Human papillomaviruses (HPVs) are small epitheliotropic DNA viruses involved in the etiology of several human malignancies. At least 90% of all cervical carcinomas are associated with infections by “high-risk” HPV types such as HPV-16 and -18. The majority of these cancers contain HPV DNA integrated into the host cell genome and express only two viral genes, E6 and E7, both of which encode oncoproteins (1). Both HPV-immortalized cells and high-risk HPV-associated cervical neoplasias, including early precursor lesions, display genomic instability, which is absent in lesions caused by low-risk HPVs (2–6). Induction of genomic plasticity, therefore, constitutes an early and central event in HPV-associated carcinogenesis and may contribute to the integration of HPV DNA into the host genome (7). However, it is not known in detail how HPV E6 and E7 interfere with genomic integrity. HPV E6 and E7 play distinct roles in this process by targeting different pathways (5). Whereas E6 may promote genetic instability by inactivating the tumor suppressor and cell cycle checkpoint protein p53 (5, 8), the mechanism by which E7 subverts the integrity of the host cell genome (5, 9) and whether this function depends on its ability to inactivate the pRB tumor suppressor protein (10, 11) have not been determined.
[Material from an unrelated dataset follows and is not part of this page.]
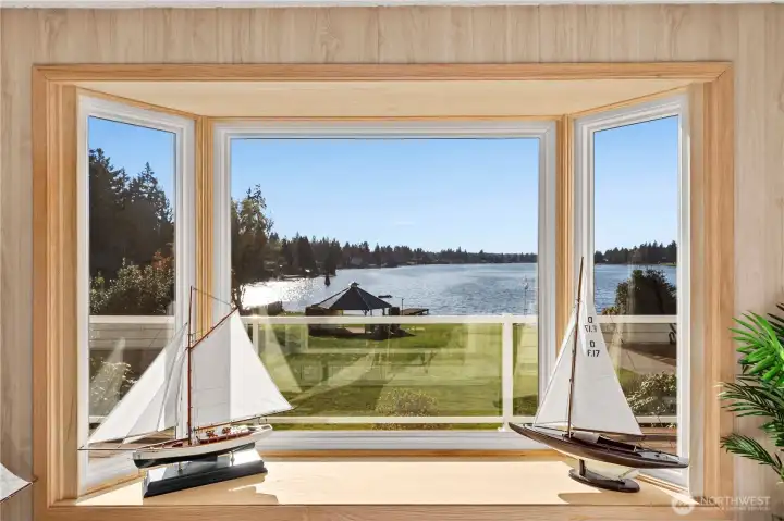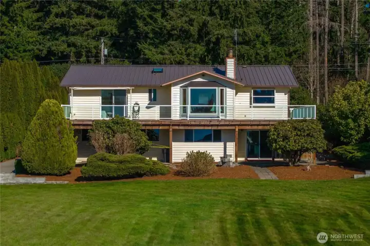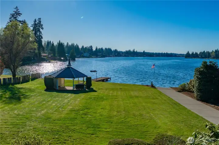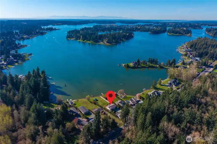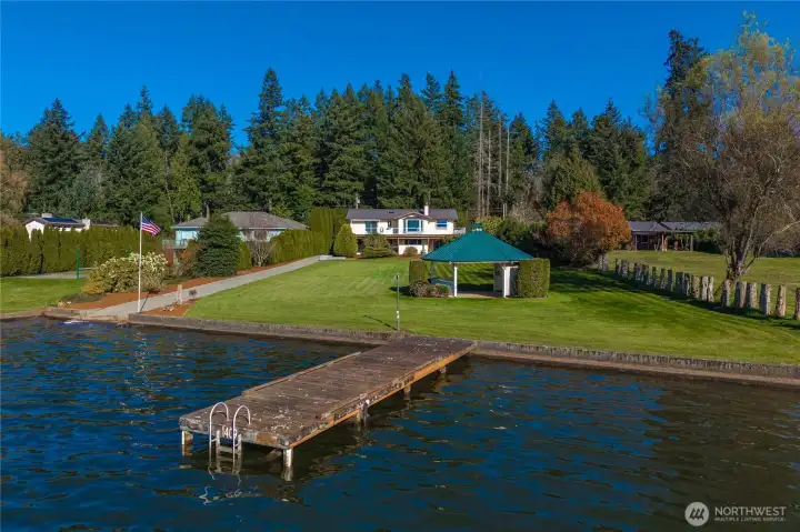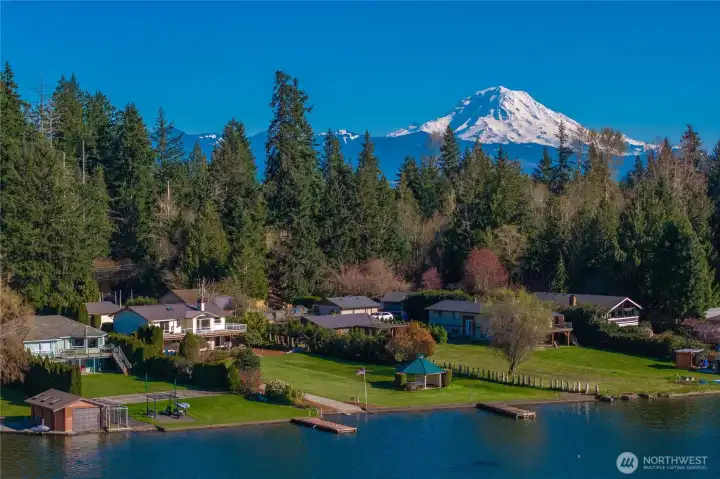 Rare opportunity to own exceptional no-bank, western-facing waterfront on coveted Lake Tapps. Set on an expansive .59-acre lot with 113 feet of frontage, this property delivers the ultimate lake lifestyle with breathtaking sunsets and sweeping open-water views. A private boat launch makes getting on the water effortless, while generous outdoor space provides endless opportunities for entertaining, recreation, and future vision.The home offers 3 bedrooms and 2.25 baths with multiple living spaces designed for comfort and flexibility. A spacious living room is highlighted by an oversized bay window capturing stunning lake views, while the family room and dining room create inviting gathering areas. The rec room with built-in bar is perfect for entertaining after long summer days on the water. An oversized utility/mechanical room adds functionality, and the attached 572 sq ft garage provides additional convenience.Car enthusiasts and hobbyists will appreciate the detached 768 sq ft garage, along with RV parking and abundant space for guests. Whether hosting waterfront gatherings, storing boats and toys, or simply enjoying the peaceful setting, this property offers rare versatility.Served by an individual private well and located in the desirable White River School District, this exceptional waterfront estate combines privacy, space, and an unbeatable Lake Tapps lifestyle. A truly special opportunity to enjoy level waterfront living with unforgettable sunset views.

The centrosome is a cytoplasmic organelle consisting of a pair of centrioles surrounded by a pericentriolar matrix. Each cell contains one or, before a cell division, two centrosomes. During mitosis, the two centrosomes form the poles of a bipolar mitotic spindle, a function that is essential for accurate chromosome segregation. Centrosomes undergo duplication precisely once before cell division. Recent reports have revealed that this process is linked to the cell division cycle via cyclin-dependent kinase 2 (cdk2) activity that couples centriole duplication to the onset of DNA replication at the G1/S transition (12–14).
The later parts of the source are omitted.